→ **EXERCISE**:
When you reach the line that contains "10000件男装优衣库轻薄款", begin copying exactly and continue through the last line below. Do not copy pictures.

→ **INFORMATION PROVIDED**:
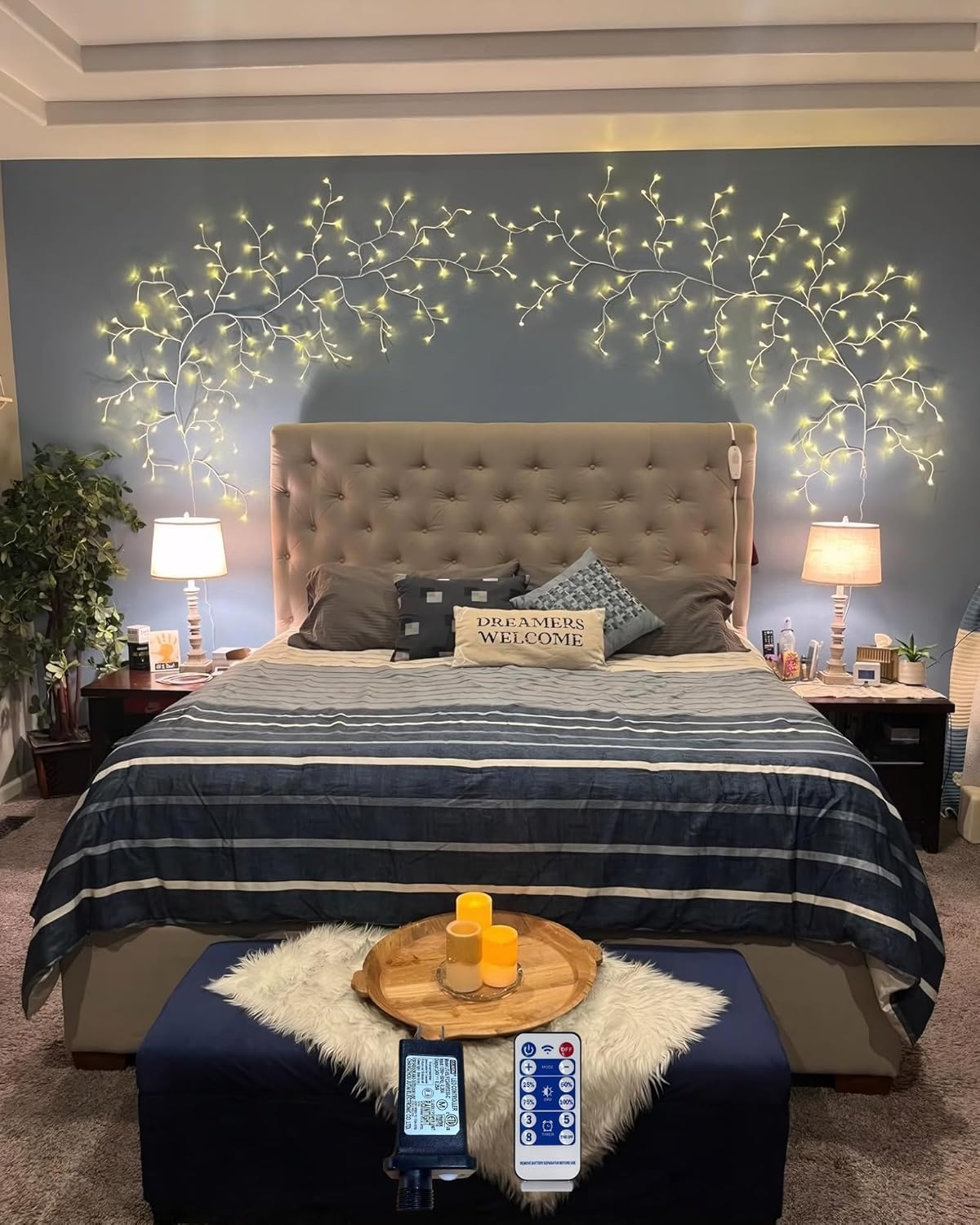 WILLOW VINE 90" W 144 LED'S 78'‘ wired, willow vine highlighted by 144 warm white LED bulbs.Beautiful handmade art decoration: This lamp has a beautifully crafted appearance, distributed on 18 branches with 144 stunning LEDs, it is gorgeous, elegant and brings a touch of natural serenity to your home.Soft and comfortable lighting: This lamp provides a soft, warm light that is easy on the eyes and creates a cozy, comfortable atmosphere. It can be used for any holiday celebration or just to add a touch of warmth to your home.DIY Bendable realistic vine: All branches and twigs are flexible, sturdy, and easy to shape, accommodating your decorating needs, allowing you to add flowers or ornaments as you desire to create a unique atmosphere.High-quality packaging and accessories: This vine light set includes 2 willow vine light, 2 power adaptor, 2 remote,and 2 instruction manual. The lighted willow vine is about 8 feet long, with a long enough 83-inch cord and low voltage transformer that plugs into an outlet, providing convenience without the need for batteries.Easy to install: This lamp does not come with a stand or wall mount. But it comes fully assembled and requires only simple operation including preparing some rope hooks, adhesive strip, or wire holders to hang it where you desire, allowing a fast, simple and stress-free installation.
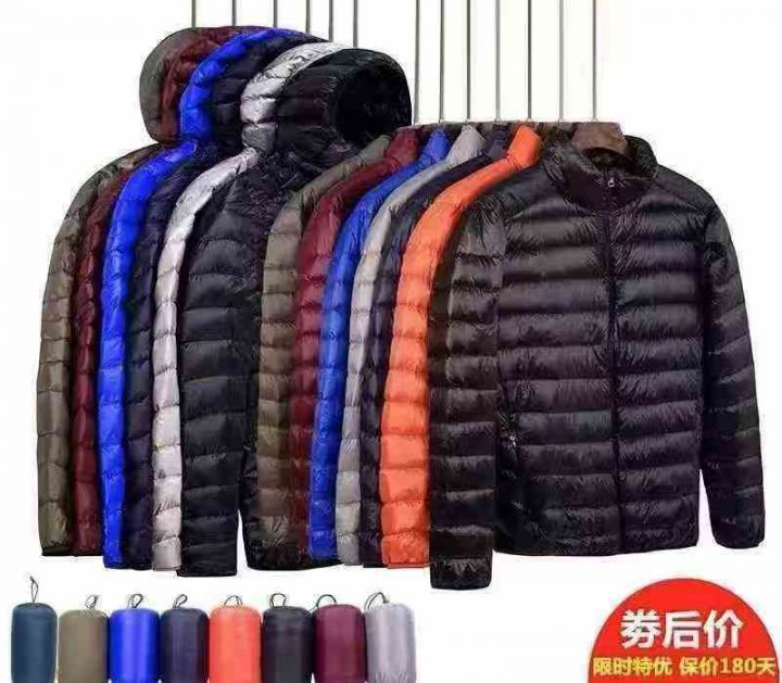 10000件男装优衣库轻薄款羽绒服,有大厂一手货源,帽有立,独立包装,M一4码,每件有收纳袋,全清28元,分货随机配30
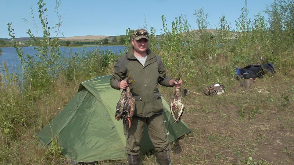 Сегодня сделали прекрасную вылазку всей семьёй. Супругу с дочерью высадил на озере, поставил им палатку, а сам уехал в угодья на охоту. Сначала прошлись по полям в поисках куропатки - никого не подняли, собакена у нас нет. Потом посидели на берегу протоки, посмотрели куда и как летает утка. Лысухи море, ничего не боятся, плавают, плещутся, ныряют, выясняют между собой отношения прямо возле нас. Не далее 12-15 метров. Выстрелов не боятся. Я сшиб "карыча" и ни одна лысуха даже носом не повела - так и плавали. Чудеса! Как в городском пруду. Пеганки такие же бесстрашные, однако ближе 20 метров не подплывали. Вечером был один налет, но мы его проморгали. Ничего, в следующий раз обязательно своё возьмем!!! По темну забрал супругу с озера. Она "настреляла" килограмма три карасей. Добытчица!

→ **WRITTEN REPLY**:
 10000件男装优衣库轻薄款羽绒服,有大厂一手货源,帽有立,独立包装,M一4码,每件有收纳袋,全清28元,分货随机配30
 Сегодня сделали прекрасную вылазку всей семьёй. Супругу с дочерью высадил на озере, поставил им палатку, а сам уехал в угодья на охоту. Сначала прошлись по полям в поисках куропатки - никого не подняли, собакена у нас нет. Потом посидели на берегу протоки, посмотрели куда и как летает утка. Лысухи море, ничего не боятся, плавают, плещутся, ныряют, выясняют между собой отношения прямо возле нас. Не далее 12-15 метров. Выстрелов не боятся. Я сшиб "карыча" и ни одна лысуха даже носом не повела - так и плавали. Чудеса! Как в городском пруду. Пеганки такие же бесстрашные, однако ближе 20 метров не подплывали. Вечером был один налет, но мы его проморгали. Ничего, в следующий раз обязательно своё возьмем!!! По темну забрал супругу с озера. Она "настреляла" килограмма три карасей. Добытчица!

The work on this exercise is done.